Я пытался приложить к ее образу сомнительную технику низвержения и отвращения. Технику кислого винограда. Представлял ее в рваных колготках, с испорченными зубами, в туалете. Постепенно я увлекался. Сочинил целую историю: она замужем, у нее двое, нет, трое детей (чтобы ее грудь стала еще бесформенней), работает в школе, учительницей литературы, вечером, напялив очки на нос, проверяет тетрадки, у нее скучный муж, который сидит в майке перед телевизором и напивается… Эту технику я отработал до совершенства и могу поклясться, что она почти всегда срабатывала. Но женщина напротив ускользала от всех моих попыток, более того, обращала все приемы против меня самого. Ситуации, в которых я представлял ее будто бы совсем ясно, нисколько не разрушали ее образ. Наоборот, даже его усиливали, и я желал ее еще больше. Мне представлялось: мы лежим и обсуждаем финал «Тедди». Я утверждаю, что это тот случай, когда Сэлинджер изменил себе, финал слишком очевиден, развязка предугадывается почти с первой страницы. Недопустимо. Это могла быть ее реплика.
Распределяя реплики, я едва ее не упустил — она уже выходила из купе. Поезд остановился. Она спускалась на платформу. Нельзя было терять ни минуты. Я схватил сумку и сошел на той же станции. Еще чуть-чуть, и я бы с ней столкнулся. Она впервые взглянула на меня, что ж, ее глаза не были зелеными. Я извинился и выпалил первое, что пришло мне в голову, лишь бы ее задержать: «Хорошо ловится рыбка-бананка, правда?» И в это момент к ней со всех ног бросились двое, нет, трое детей, и все наперебой хотели ее обнять.

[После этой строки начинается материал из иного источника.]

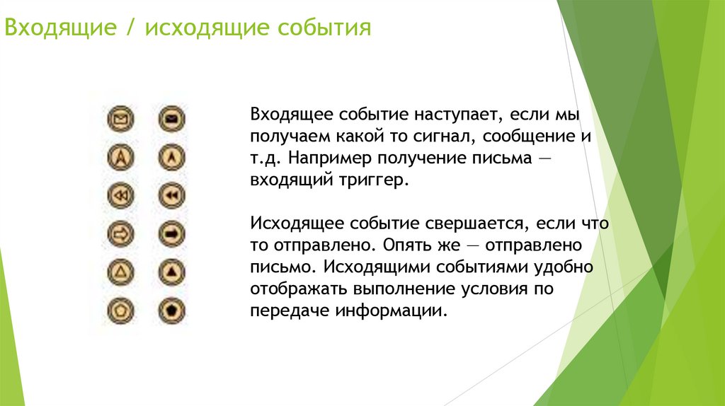 Входящие / исходящие событияВходящее событие наступает, если мы

Поезд ушел. Я медленно поднял сумку и отправился искать гостиницу. На вокзале я забыл посмотреть, в каком городе оказался, и когда я спросил об этом женщину на ресепшене, она посмотрела на меня, как мне показалось, испуганно. Но все же ключ мне дала. 507-й номер. Число показалось мне знакомым. Я вошел в комнату, повернул ключ в замке, вынул из сумки книгу. Я сказал себе: случайностей не бывает. Открыл книгу на 84-й странице, текст был слева. Потом одиннадцать раз прочел финальный пассаж:
Выйдя на пятом этаже, он прошел по коридору и открыл своим ключом двери 507-го номера. Там пахло новыми кожаными чемоданами и жидкостью для снятия лака.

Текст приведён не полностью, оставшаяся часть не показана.